Detenuti in piazza, solo che si tratta dei direttori delle carceri che però un po’ detenuti si sentono anche loro: «Entriamo in carcere alle otto di mattina e usciamo alle nove di sera, praticamente più di metà della nostra vita trascorre dietro le sbarre», racconta Carmelo Cantone che dirige il nuovo complesso di Rebibbia. Ma fosse solo questo il problema, si tratterebbe semplicemente di superlavoro. Il problema, anzi i problemi, sono molto più grossi e più gravi, non a caso hanno deciso di protestare ieri mattina davanti al ministero della Funzione pubblica (quello di Renato Brunetta).
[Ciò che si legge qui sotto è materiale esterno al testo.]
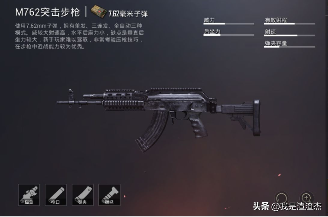 在游戏中M762是一把综合能力很不错的枪,在中近距离能爆发出强大的火力,在远距离也有不俗的精准度,最远射程可达到400米,但后坐力较大不建议新手使用。射击模式拥有单发,三连发和全自动,因为使用7.62毫米口径弹药,所以在近距离三连发下伤害力碾压m416,成为近战新宠,并且此枪性能与m416不分上下。在配件槽方面,拥有5个配件槽,可安装瞄具(红点全息2-6倍),侧瞄具,枪口,握把与弹匣。推荐大家用M762这把枪的,威力高,射速快,满配后的稳定性可操控,整体是一把很全面的枪械。那么在使用上,这里还推荐大家用激光瞄准器这个小东西,因为发现很多时候的刚枪是来不及开镜的,开镜刚枪也只适合中远距离,近距离还是会选择腰射,那么在用M762腰射的情况下,激光瞄准器这个东西就能帮你大忙了。

Erano un centinaio, arrivati da tutt’Italia, magliette alla spagnola con la scritta sono indigNato, vestiti di nero nel senso del lutto: «Diamo sicurezza ma non abbiamo sicurezza» sui cartelli. Vogliono un contratto per loro che finora non hanno mai avuto essendo equiparati ai funzionari di polizia. E per questo hanno ottenuto l’apertura di un tavolo a metà luglio. Ma si sa, un tavolo non si nega a nessuno, quindi lasciano la piazza non proprio soddisfatti. Prima però raccontano la loro vita, o meglio la vita dei loro detenuti. Costretti come si sa a vivere (vivere?) ammucchiati in celle costruite per contenere la metà di quelli che ci stanno. A Spoleto per esempio, spiega il direttore Leo Giacobbe, abbiamo 700 persone quando il massimo consentito sarebbe di 350: «Siamo stati costretti a riempire le sale giochi di detenuti, stipati in dodici, tredici con un solo bagno, finestre minuscole…».
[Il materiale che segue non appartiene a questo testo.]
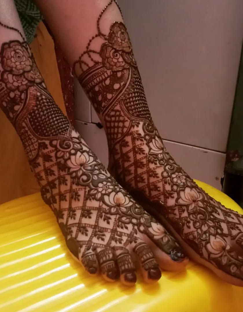 Don't forget your feet! I create beautiful and detailed henna designs for feet and legs, from simple patterns to full coverage bridal styles, ensuring you are adorned from head to toe.

La soluzione, l’unica secondo Giacobbe, sarebbe «un’amnistia che consenta al sistema di ripartire rendendo tutto più umano e razionale. E’ demagogico promettere nuove carceri che tanto non si possono fare perché mancano soldi e personale». Per non parlare di quelli chegestiscono le pene alternative al carcere, come Rita Andreucci e Vincenzo Petrella: «Da dieci anni non riceviamo nulla, il personale è stato ridotto di quasi il 40 per cento, mancano assistenti sociali, psicologi, non abbiamo la benzina per controllare i detenuti… Eppure solo il 19 per cento torna a commettere reati, mentre in carcere siamo al 70 per cento di recidivi». Basterebbe questa cifra per incentivare le pene alternative, invece non basta: attualmente sono solo 16 mila contro i 70 mila rinchiusi nelle celle. Se uno pensa al direttore di un carcere magari gli viene in mente un aguzzino, per esempio quello di «Quella sporca ultima meta» con Burt Reynolds oppure quello di «Fuga da Alcatraz» con Clint Eastwood.
Invece a vederli lì sul marciapiede aguzzini proprio non sembrano, semmai brave persone. Non sono nemmeno in sciopero, tutt’altro: si sono presi un giorno di ferie per protestare. Perché non hanno la carta igienica, i dentifrici, i materassi per i loro detenuti: «Ci dobbiamo indebitare per ottenerli, firmiamo e non paghiamo, poi si vedrà…», spiega Cantone. Si arrangiano come possono, associazioni, volontari, enti locali. Come a Brescia dove la direttrice Francesca Gioiemi racconta che il Comune governato da una giunta Pdl-Lega «ci compra materassi, frigoriferi, televisori. Un lavoro straordinario». Parola di una persona che certo non vota centrodestra. Così suppliscono alla carenza di risorse che dovrebbero arrivare dall’amministrazione penitenziaria, ossia dal ministero della Giustizia, ma che non arrivano.
«Hanno tagliato via via montagne di risorse – denuncia Gianni Rizza che dirige il penitenziario di Catania – in dieci anni siamo vicini al 50 per cento». Nessuno ha più soldi per tentare di recuperare i detenuti, fargli imparare un lavoro, farli studiare, cercare di avviarli a una vita diversa una volta usciti, sempre che nel frattempo non si siano suicidati. Il carcere ormai è un deposito di uomini e donne buttati lì ad aspettare la fine della pena. E che di pena si tratti i direttori non hanno dubbi: «Il carcere è sempre più un contenitore – continua Rizza – e il direttore è costretto spesso e malvolentieri a fare il domatore. Ma il nostro sistema penitenziario era nato con un altro scopo, quello di fornire ai detenuti l’opportunità di entrare in contraddizione con la loro subcultura e magari di farli uscire un po’ diversi da come sono arrivati. Non voglio dire angioletti, ma insomma…».